Grid user crash course

From GridPP Wiki
Revision as of 15:23, 23 October 2013 by Stephen jones (Talk | contribs)

(diff) ← Older revision | Latest revision (diff) | Newer revision → (diff)
Jump to: navigation, search

Using the Grid

The information herein is summarized from the currently most comprehensive document for new Grid users, i.e. gLite User Guide. That document is long, but it's worth knowing what it contains. A link it can be found on this page: http://www.gridpp.ac.uk/deployment/users/

This is a crash course on using the grid. Hopefully, if you use this course, your jobs won't crash. I assume from the start that you already have a configured UI at your disposal, although we have a tutorial on that too, should you need it.


Getting a grid certificate

Getting a grid certificate is a multi-step process, and is run by the UK e-science Certificate Authority, which is part of the National Grid Service. To start the process, you need to choose a web browser (e.g. Firefox) that you will have consistent access to (you need to use the same system for both requesting your certificate and retrieving it when it's ready). Don't use a temporary login anywhere.

Using the browser visit https://ca.grid-support.ac.uk/ and select the 'Request a Certificate' option, then choose 'User Certificate', fill in your personal details (using your departmental email address) and select the appropriate registration authority (RA) for your site. Further instructions will then be emailed to you; once that has happened you should get a further email from the RA staff, and you'll then need to visit them in person, with some photo-id.

Joining a VO

Your grid certificate identifies you to the grid as an individual user, but it's not enough on its own to allow you to run jobs; you also need to join a Virtual Organisation (VO). These are essentially just user groups, typically one per experiment, and individual grid sites can choose to support (or not) work by users of a particular VO. Most sites support the four LHC VOs, fewer support the smaller experiments. The sign-up procedures vary from VO to VO, UK ones typically require a manual approval step, LHC ones require an active CERN account.

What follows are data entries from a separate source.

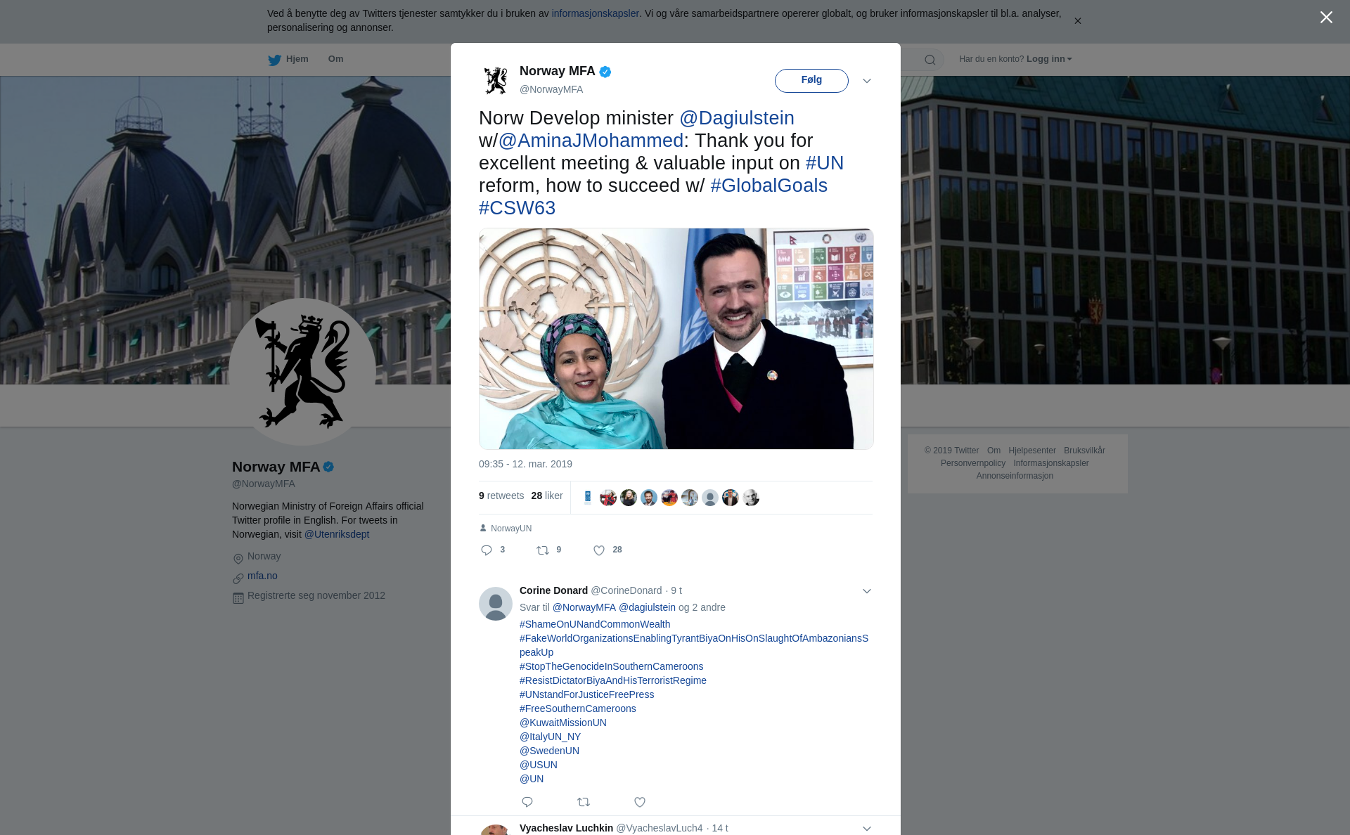 RT @NorwayMFA: Norw Develop minister @Dagiulstein w/@AminaJMohammed: Thank you for excellent meeting & valuable input on #UN reform, how to succeed w/ #GlobalGoals #CSW63 https://t.co/vJMyZo5xDB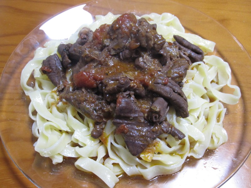 ↑夜ご飯は、モツのトマト煮のフェットチーネ。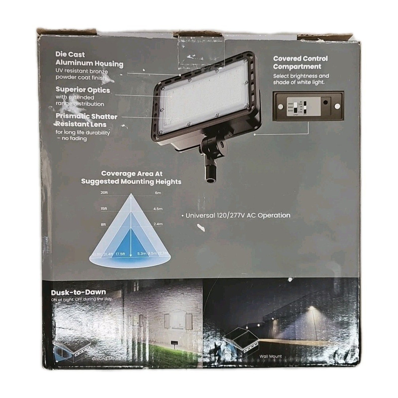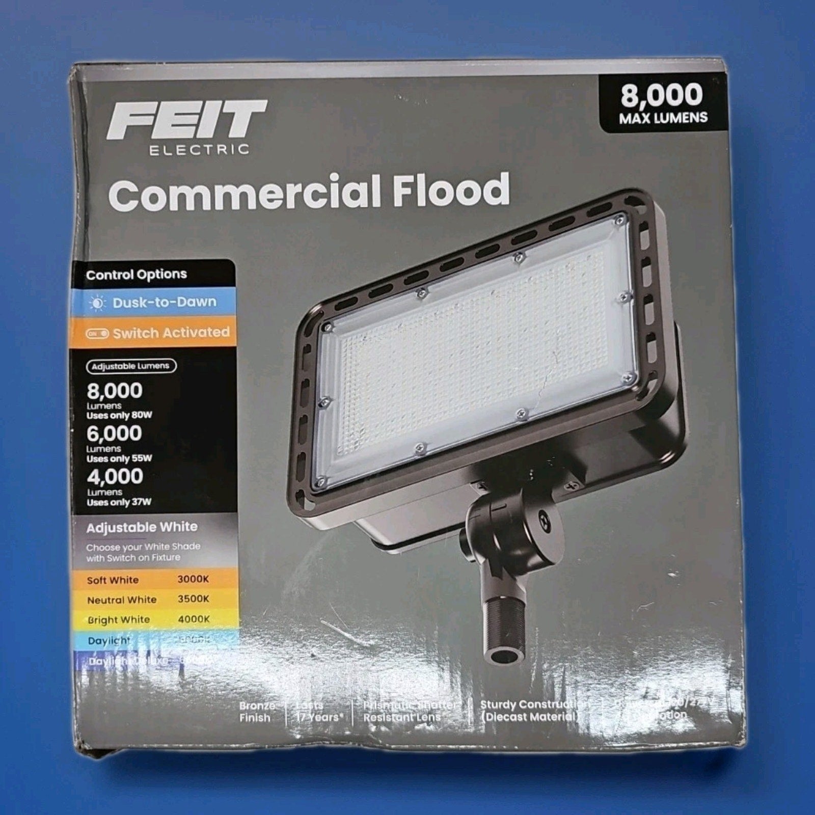 The Feit Electric Select LED Selectable 5CCT Bronze Dusk to Dawn Wall Flood Light is a stylish and modern outdoor lighting solution perfect for adding enhanced security and visibility to your yard or garden. With a power source of hardwired electricity, this flood light boasts a maximum output of 8000 lumens with adjustable white color temperatures ranging from 3000-6500K. The durable aluminum construction and polycarbonate lens ensure resistance to rust, water, and weather, making it a reliable choice for long-lasting illumination. Additionally, the 90-degree light beam angle provides a wide and even distribution of light, making it an ideal choice for outdoor spaces.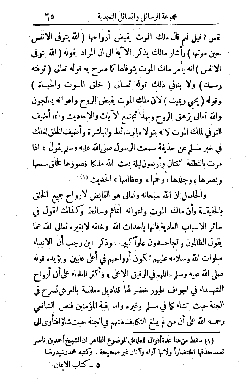 7 سقط من هنا عدة أقوال للعلماء في الموضوع؛ الظاهر أن الشيخ أحمد بن ناصر تعمد حذفها اختصارا؛ ولأنها آراء وآثار غير صحيحة. وكتبه محمد رشيد رضا.

For anyone that's interested in using the grid, but is not working on an experiment with an existing VO, some sites have a local VO that can be used to get started.

Running jobs

Lifecycle of a grid job

A grid job passes through quite a few systems between your writing it and a node finally running it. In outline the systems involved are:

  • The User Interface (UI); an interactive machine that you can log into directly to prepare your job before submitting it. Once it's ready you can send the job to:
  • A Workload Management System (WMS); one of a few central service machines (typically at RAL or CERN) that take the job and select a suitable destination cluster to run it on, depending on the job's requirements, available resources, and load on different sites. Once the WMS has selected a suitable cluster to run the job it sends it to:
  • A Computing Element (CE); which takes the job and submits it to that CE's local batch system, where the job may wait for a time before being submitted to a:
  • Worker Node (WN); a fast system that calls back to the WMS and retrieves the job's input files and main script, and runs the job. When the job is completed output is sent back to the WMS, from where it can be retrieved by the user, using:
  • The User Interface (UI) machine.

A minimal job

On a typical local batch system a user would create a simple script that runs their job, and submit that to the queuing system along with any particular resource requirements, for example:

$ qsub -q short -l cput=00:20:00,mem=3G ./myjob

On a grid the range of available systems to run on is much broader, and so describing the requirements can be more complicated. A grid job's requirements are split out into a separate file written in Job Description Language (JDL), e.g. ./myjob might contain:

Executable = "testjob.sh";
StdOutput = "testjob.out";
StdError = "testjob.err";
InputSandbox = {"./testjob.sh"};
OutputSandbox = {"testjob.out","testjob.err"};
Requirements = other.GlueCEInfoHostName == "t2ce06.physics.ox.ac.uk";

This JDL file describes the files that are directly submitted to and retrieved from the grid (the 'sandbox' entries), and gives a single simple constraint that restricts the job to a particular computing element, and hence a particular cluster, in this case the Oxford cluster. The 'testjob.sh' script should be an executable that can run on the target Worker Node; in this case we'll use a minimal Bash script that will tell us when and where our job actually runs:

#!/bin/bash
date
id
/bin/hostname
sleep 30s

Before we can submit our job we must create a temporary 'proxy certificate' from our main grid certificate. This proxy is then delegated to the WMS and then sent with the job to identify its ownership, but unlike the main certificate it has a short expiry date (usually 12 hours after it's created). You only normally need to do this once per session, not once per job. So a complete session submitting a job looks like:

Get a proxy:

$ voms-proxy-init --voms vo.southgrid.ac.uk
Enter GRID pass phrase:
Your identity: /C=UK/O=eScience/OU=Oxford/L=OeSC/CN=j bloggs
Creating temporary proxy ..................................... Done
Contactingvoms.gridpp.ac.uk:15019
[/C=UK/O=eScience/OU=Manchester/L=HEP/CN=voms.gridpp.ac.uk/Email=hostmaster@hep.man.ac
.uk] "vo.southgrid.ac.uk" Done
Creating proxy ............................................... Done
Your proxy is valid until Thu Jun 5 03:59:05 2008

This will select a VOMS server to use (perhaps one of many). Alternatively, use this example if you wish to use a specific VOMS server.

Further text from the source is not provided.